Member of the Philadelphia City Council from the 1st District
- In office January 4, 1988 – May 17, 1991
- Preceded by: Leland Beloff
- Succeeded by: Joe Vignola
- In office January 5, 1976 – January 27, 1984
- Preceded by: Isadore Bellis
- Succeeded by: Leland Beloff

Member of the Pennsylvania House of Representatives from the 183rd district
- In office January 7, 1969 – November 30, 1970
- Preceded by: District Created
- Succeeded by: Adriano Mastrangelo

Personal details
- Born: March 27, 1930 Philadelphia, Pennsylvania
- Died: November 1, 2017 (aged 87) Philadelphia, Pennsylvania
- Party: Democratic
- Alma mater: Temple University

= James Tayoun =

American politician

James Joseph Tayoun (March 27, 1930 – November 1, 2017) was a Democratic member of Philadelphia City Council and of the Pennsylvania House of Representatives.

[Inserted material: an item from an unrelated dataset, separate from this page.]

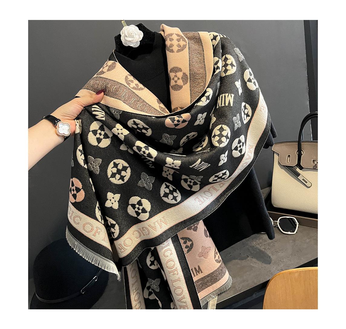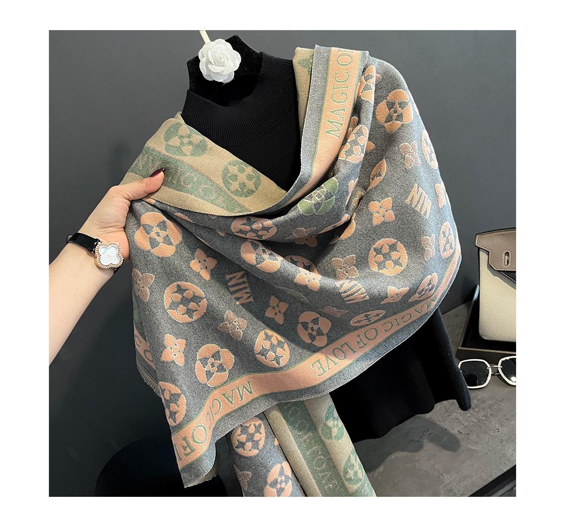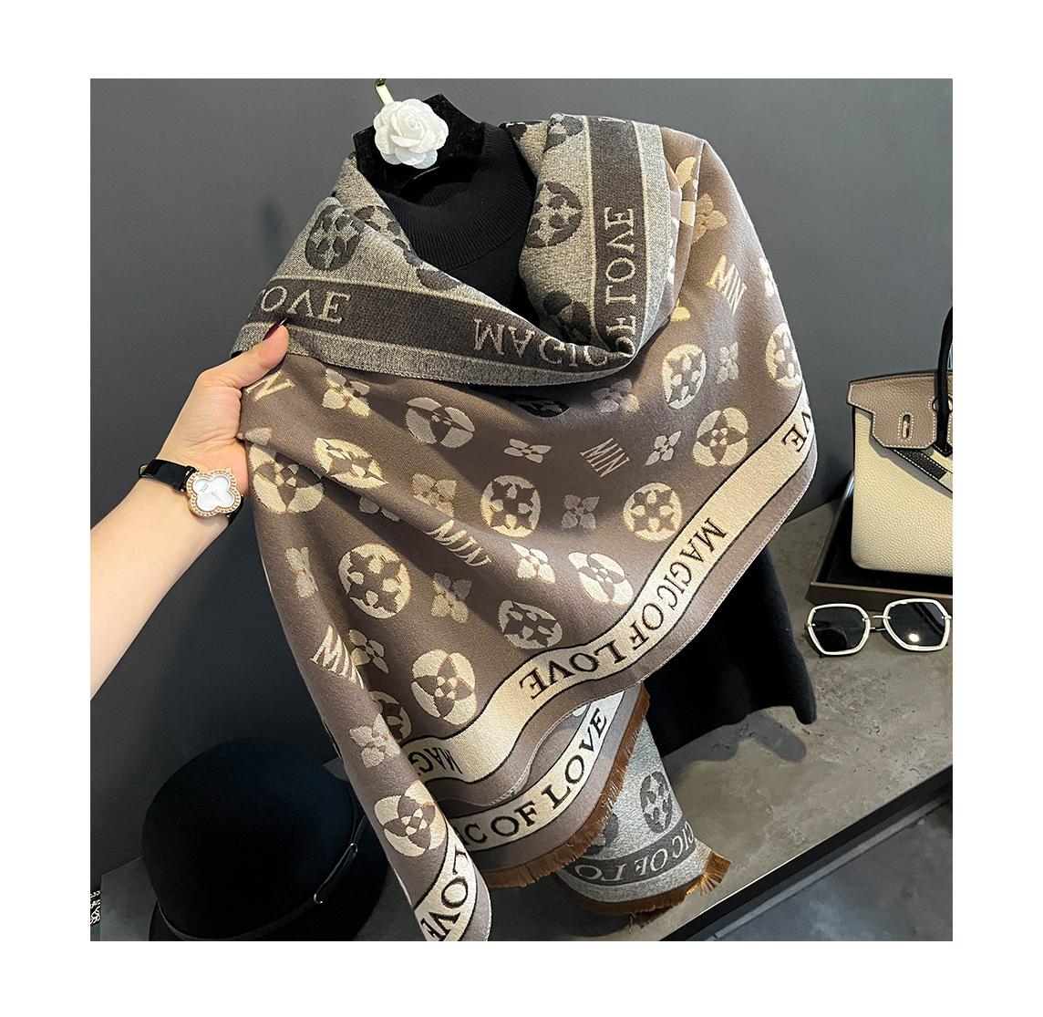 Otoño e Invierno Nuevo Estilo Coreano Bufanda Estampada de Imitación Cachemira Chal de Aire Acondicionado de Doble Uso para Mujer 2024 Nueva Bufanda Gruesa de Doble Cara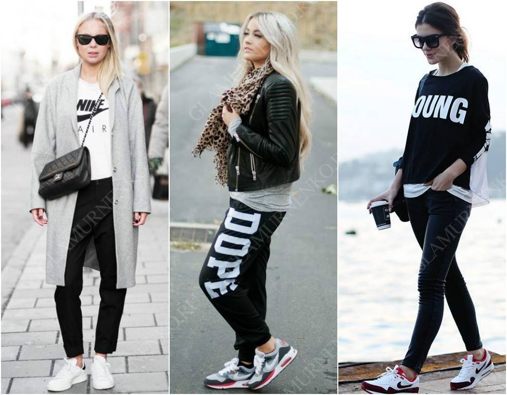 В дополнение к этим образам куртки джинсовые, кожаные с капюшонами, спортивные кроссовки, кеды. Но стоит заметить, что элементы спортивного стиля вполне сочетаются сегодня с классикой и модерном.

He served non-consecutive terms representing District 1 on Philadelphia City Council. He resigned from his first term in 1984 to run for a seat in the First Congressional District of Pennsylvania, challenging incumbent Thomas Foglietta.

He resigned from his second term after pleading guilty to racketeering, mail fraud, tax evasion and obstruction of justice charges. He spent 40 months in prison. He is the 7th council member to be indicted since 1972.

He was also editor, publisher, and photographer for the Public Record, a weekly newspaper.